Steps to Prepare FUMA Inputs:
a) Regenie to FUMA
Rscript --slave --no-restore --no-save scripts/19_regenie2fuma_input.R
b) METAL to FUMA
Rscript --slave --no-restore --no-save scripts/20_metal2fuma.R
c) ASSET to FUMA
Rscript --slave --no-restore --no-save scripts/21_asset2fuma.R
d) FUMA to summary functional tables
Rscript --slave --no-restore --no-save scripts/22_fuma2functional.R
Script | Function |
---|---|
19 | REGENIE2FUMA |
20 | [METAL2FUMA](scripts/20_metal2fuma.R |
21 | ASSET2FUMA |
22 | FUMA2FUNC |
The results from the GPS-GEV test and LDSC were visualized using custom R scripts.
Steps to Generate Plots:
a) To generate corrplot for GPS-GEV and LDSC
Rscript --slave --no-restore --no-save scripts/23_gps_corrplot.R
b) To generate custom forest plots
Note: The script was adapted from Katherine Hoffman's blog. The source was last accessed on 30/08/2024.
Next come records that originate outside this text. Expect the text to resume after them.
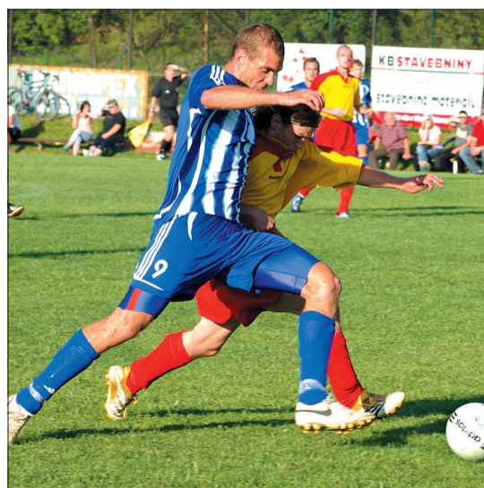
Z meczu Gródek – Oldrzychowice.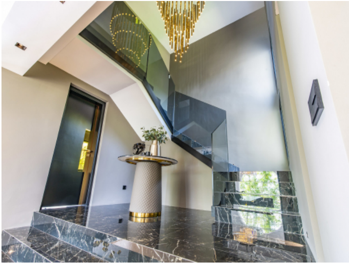
Eingangshalle der Villa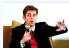
胡润:重庆隐形富豪很多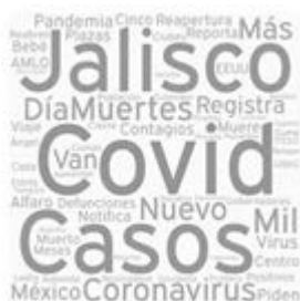
FIGURA 1.1 NUBE DE PALABRAS EN LA QUE SE PROCESARON LOS TITULARES DE LAS NOTICIAS ENCONTRADAS EN LOS SEIS PORTALES ESTUDIADOS

NTR Guadalajara, 12 de junio), “Ante alza en casos de COVID-19, cero tolerancia en reapertura” (El Informador, 4 de junio de 2020); mientras que Milenio Jalisco no publicó ninguna noticia en esta categoría, El Diario NTR Guadalajara y Mural mostraron este énfasis en más ocasiones, con seis piezas cada uno.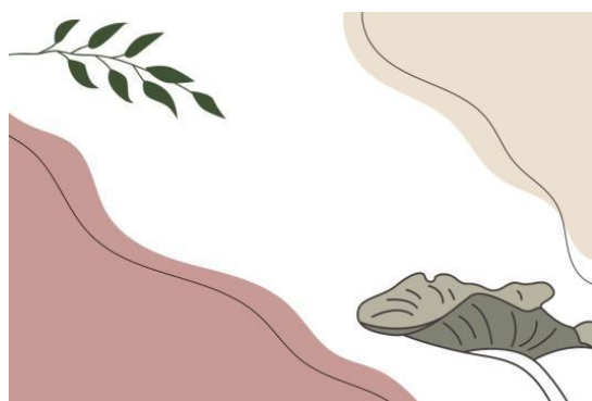
Gambar 1. Nama gambar (garamond, 11pt)

(garamond, 11pt)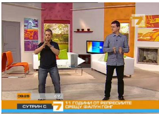
图：保加利亚西人法轮功学员（左）为主持人和观众演示功法

二零一零年七月二十日，在法轮功学员反迫害十一周年之际，保加利亚国家电视 7 台的早间节目特邀两位西人法轮功学员介绍法轮功。在现场直播的节目中，法轮功学员为主持人和观众示范了法轮功功法。在节目的最后，两位法轮功学员将象征希望的手工莲花作为礼物送给两位主持人，他们呼吁制止迫害法轮功。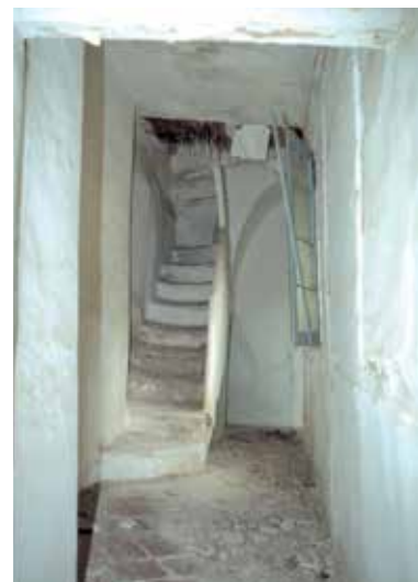
Callejón de los Bécquer, nº 11 (casa BM-1): Escalera.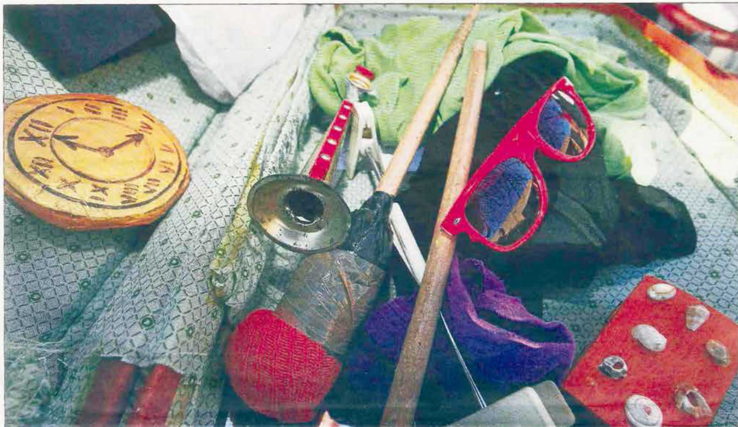
Relloques, miralls, la capsa dels nassos, ulleres i roba a una de les maletes en les que els clowns guarden vestuari i objectes.

Rscript --slave --no-restore --no-save scripts/24_forest_plot.R
Script | Function |
---|---|
23 | GPS_LDSC Corrplot |
24 | Forest plot |
Note
This repository is created to enhance reproducibility. It will not be actively maintained.
Tip
If you need assistance at any step, please feel free to email me.
Important
It is not possible to share the full datasets used in this pipeline, such as UKBB data. Additionally, some steps require manual verification and the creation of data files.
Warning
This pipeline, or any part of it, should not be used for medical or diagnostic purposes.
Caution
If you use any part of this pipeline in your work, please make sure to cite the original work software/package and if possible our work.